Читаем Плотницкие рассказы полностью

Катерина воровски, чтобы не увидели доярки, смахнула слезу. «Пошлю Танюшке-то хоть в письме пятерочку. За самовар сосновская крестная сулила принести двадцать рублей, да бригадир сорок принесет, надо послать. Анатошке, тому тоже трешник на неделю вынь да положь, – хоть и кормят там, в интернате, а подавай. Да и валенки вон уже все измолол, ведь в худой обутке в школу не пошлешь, надо ему новые валенки, а Гришке с Васькой по рубахе, уж давно сулила, надо купить, больно рубашки-то добры в лавку привезли, да Марусе сапожки резиновые, весна скоро, а дома вон тоже уже не сидит, бегает. Ой, много всего надо!»

Как ни прикидывала, как ни раскладывала Катерина теперешние деньги, все получалось, что на питание всей оравушке остается то десятка, то полторы. Может, еще Иван рыбы скоро изловит да в сельпо сдаст? Только вот пойдет ли еще рыба-то в речку, нынче, может, и не пойдет, снегу и льду мало, а воды в озере много…

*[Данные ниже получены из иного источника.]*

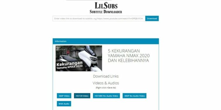 Opsi lain website downloader untuk mengunduh video Youtube adalah Lilsubs.com. Website ini bisa generate link download video dengan kualitas dan format sesuai kebutuhan. Selain itu, pengguna juga bisa mengunduh subtitle yang terdapat pada video tersebut.
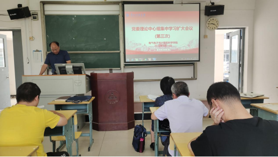 6月14日下午,电计学院在东环校区5北403教室组织召开党委理论学习中心组2022年第三次学习会扩大会议。学院党委委员、专职组织员、党政办主任、系主任以及全体党支部书记参加会议。学习会由党委书记叶雁冰主持。
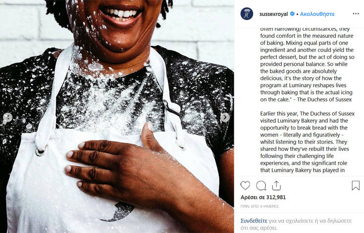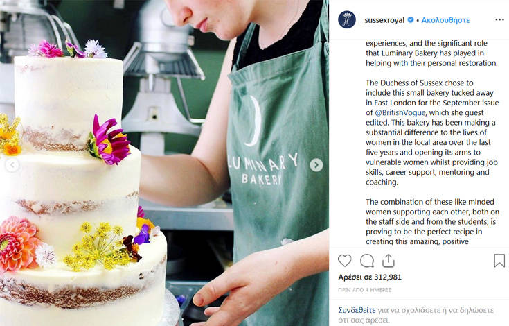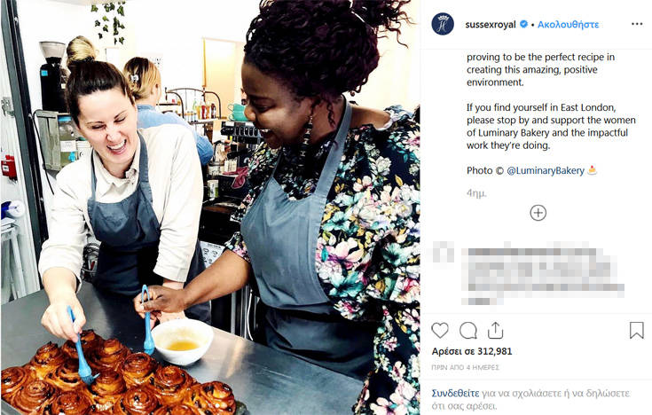 Η Μέγκαν Μαρκλ εξήρε ένα αρτοποιείο στο Ανατολικό Λονδίνο για το έργο που επιτελεί για τις γυναίκες. Η δούκισσα του Σάσσεξ έχει δημοσιεύσει στο λογαριασμό της στο Instagram τον θαυμασμό της για την κοινωνική επιχείρηση που βοηθάει τις γυναίκες και το οποίο περιγράφεται ως:
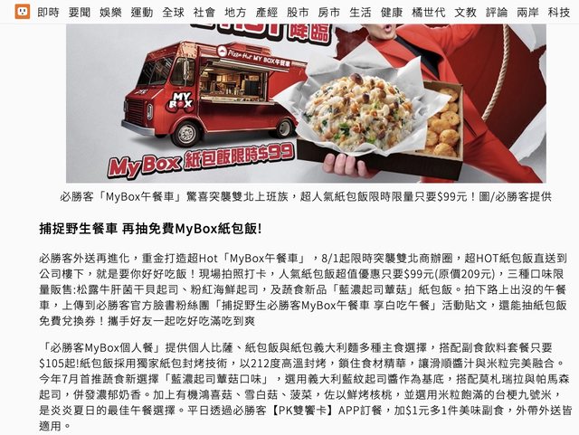 必勝客MyBox個人餐三種口味紙包飯 松露牛肝菌干貝起司、粉紅海鮮起司、藍濃起司蕈菇 原價209 現場拍照打卡優惠99 場次: 08/01(二) & 08/02(三) 12:00-13:30 東區商圈 台北市大安區忠孝東路四段170巷9號郵局斜對面 08/03(四) & 08/04(五) 12:00-13:30 東區商圈 台北市大安區光復南路131巷1弄36號對面 08/08(二) & 08/09(三) 12:00-13:30 遠東世紀廣場中庭 新北市中和區中正路726號C、D棟中間 08/10(四) & 08/11(五) 11:30-13:00 內科陽光街停車場 台北市內湖區陽光街381號旁 -- ※ 發信站: 批踢踢實業坊(web-ptt.org.tw), 來自: 219.68.45.66 (臺灣) ※ 文章網址: https://web-ptt.org.tw/Lifeismoney/M.1690808381.A.A65
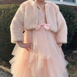 Sweet glamorous jacket made from ultra soft faux fur and silk lining. Long sleeves,Faux fur,Front closure. Only wear once. Blush color
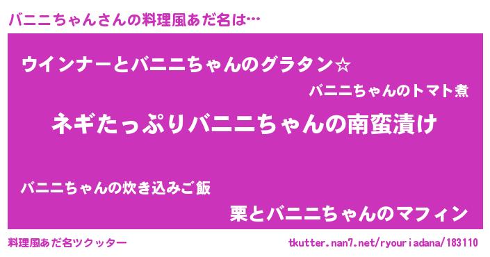 | 男性向けラノベタイトル風あだ名 | 『バニニチャンアートオンライン』 |
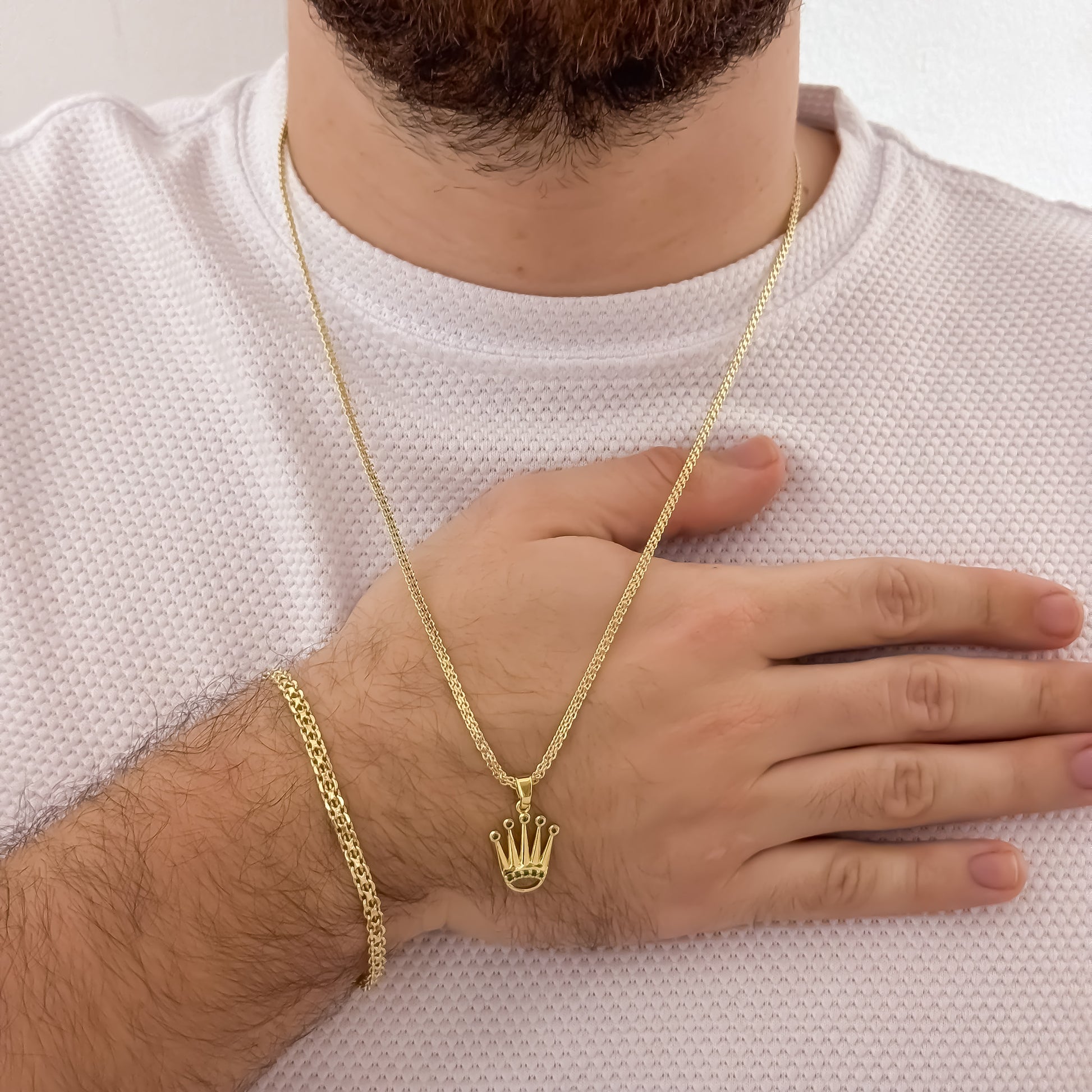 Conjunto Exclusivo Corona Rolex en Oro Laminado 18K – Cadena + Pulsera
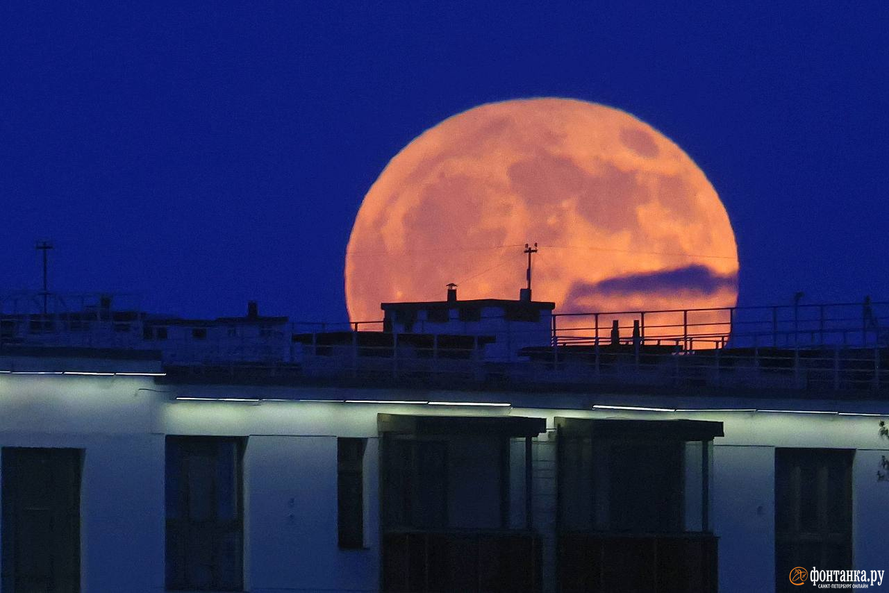 Как персик. Над петербургскими крышами показалась потрясающая луна

Бригадир, что пришел просить обрядить беспризорных телят, долго и складно матюгал Путанку, но Катерина словно бы не слушала этих мужичьих матюгов, они пролетали как-то мимо нее, не задевали и не резали ухо. И все-таки, когда бригадир завернул уж что-то слишком поганое и еще совсем новое, Катерина не утерпела, сказала:

– Да ты это, парень, что? Сколько добра-то из тебя сегодня ползет, хоть бы остановился.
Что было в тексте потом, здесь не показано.